“It’s not the table that grew,” I realized as a new awareness of self settled over me. Alyce and I were together in her little girl body, giggling with impish delight. She was much younger, maybe four. This memory must have happened before we met.

“I see you!” a man’s voice rang out, laughing.

Then I heard a chair being moved and felt myself lifted into strong arms.

“Daddy! You cheated!” Alyce cried, pretending to be mad, but her giggles gave her away.

“You always hide under the table,” he said.

“Next time I’ll hide in my closet and you won’t find me.”

“It’s a deal,” the stocky man with sideburns and a nice smile told us. Our skinny arms reached around to hug this nice father.

He lifted us to his shoulders and piggy-backed us into the living room.

“Would you like me to read you a story, Ally-kitten?”

“Yes, yes!” we exclaimed, settling onto his lap and feeling comfortable and so happy.

“Which book do you want?”

“About the big sister,” we told him.

“That one again? Aren’t you tired of it yet?” He laughed as he reached for a green book.

“Again! Again!” we exclaimed, and I felt eager along with Alyce to hear this story that was her favorite.

It was a really nice story, too, about a little girl who was teaching her baby sister colors by blowing up a rainbow of balloons, then flying off for a magical balloon a ride in the sky. When the father finished, Alyce and I shouted out “Again!” So he closed the book, flipped back to the first page, and started over.

It was strange how while I became Alyce at this young age, a part of me knew I was still Amber, too, like a ghost of myself was hovering outside the memory. I wondered if this memory would show me how to me help the future Alyce.

I’d never met Alyce’s father, but I knew that’s who was reading to us. I liked how easily he laughed and his relaxed, playful manner.
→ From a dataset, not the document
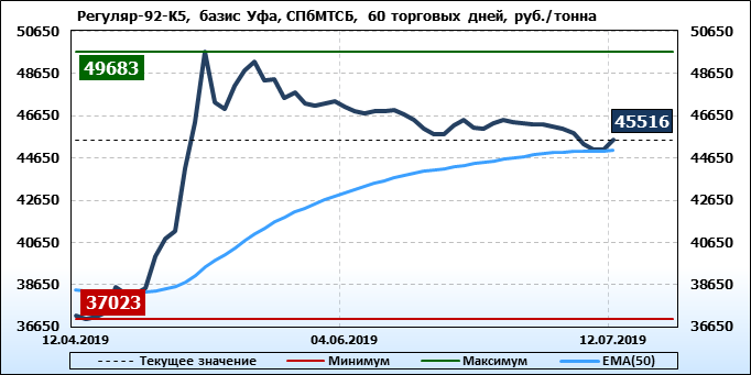 Цены на бензин Регуляр-92 класс 5, базис поставки Уфа, торгуемые на СПбМТСБ, упали за неделю на 512 рубля до 45516 рублей за тонну. Тренд на рынке бензина Регуляр-92-К5 на СпбМТСБ, базис поставки Уфа, направлен вверх.

He seemed like the kind of loving dad who would always be there, so what had gone wrong? He sent Alyce gift cards packed with money and had set up a college trust fund for her, but he never visited. “He has a new family,” Alyce had once told me in a steel tone that slammed bars across any further questions.
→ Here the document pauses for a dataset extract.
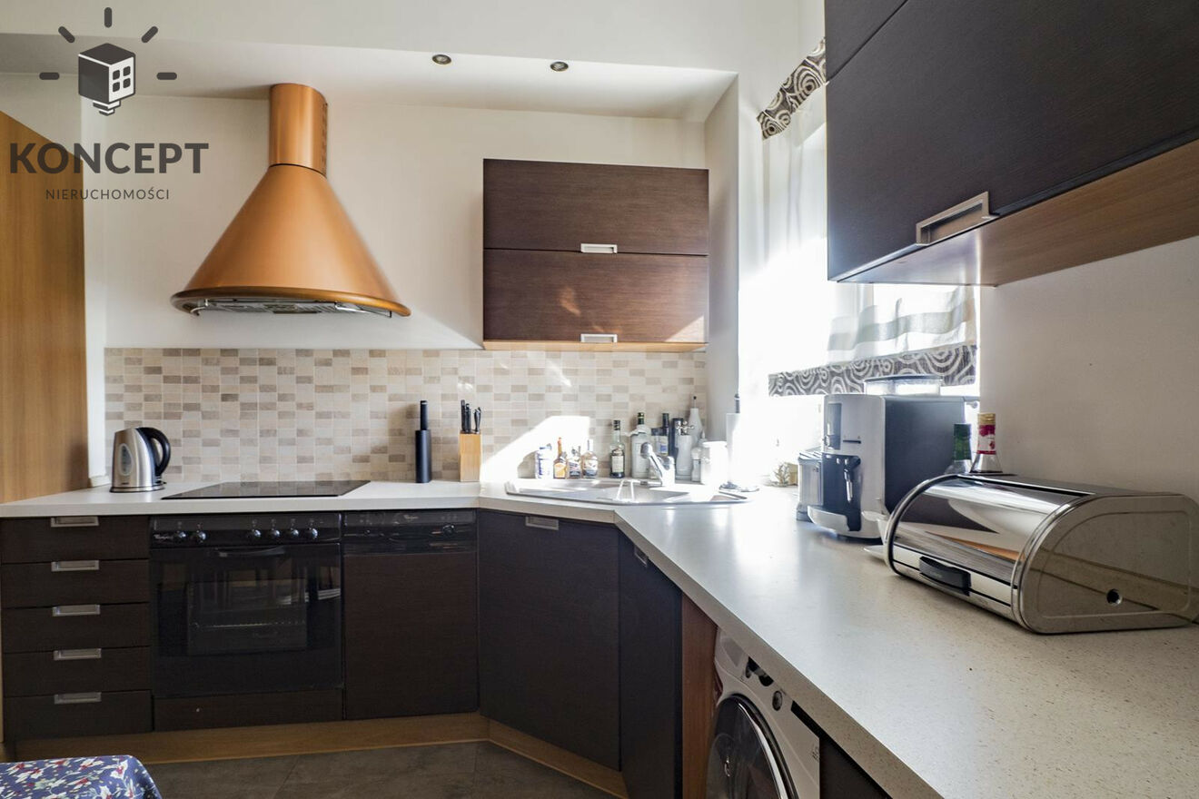 Mieszkanie w pełni umeblowane oraz wyposażone wysokiej jakości meblami i sprzętem: telewizor, płyta indukcyjna, zmywarka, lodówka, okap, piekarnik, pralka.

The book was put aside, and we curled up on the couch with “Daddy” to watch an Animal Planet show about giraffes. We asked questions about spots and long necks until we could hardly keep our eyes open.

Time passed until sounds jarred us from a deep sleep.

Mommy was home, Alyce realized excitedly. She was ready to jump and race across the room for a big welcome-home hug … until the shouting. Together, we lay perfectly still, pretending to be asleep.

Peeking out, though, we saw Mommy and Daddy. But they looked all wrong. Mommy was crying and waving her hands as she begged Daddy not to be mad at her. But Daddy was mad, so angry that he shouted bad words and waved his fist like he wanted to hit Mommy.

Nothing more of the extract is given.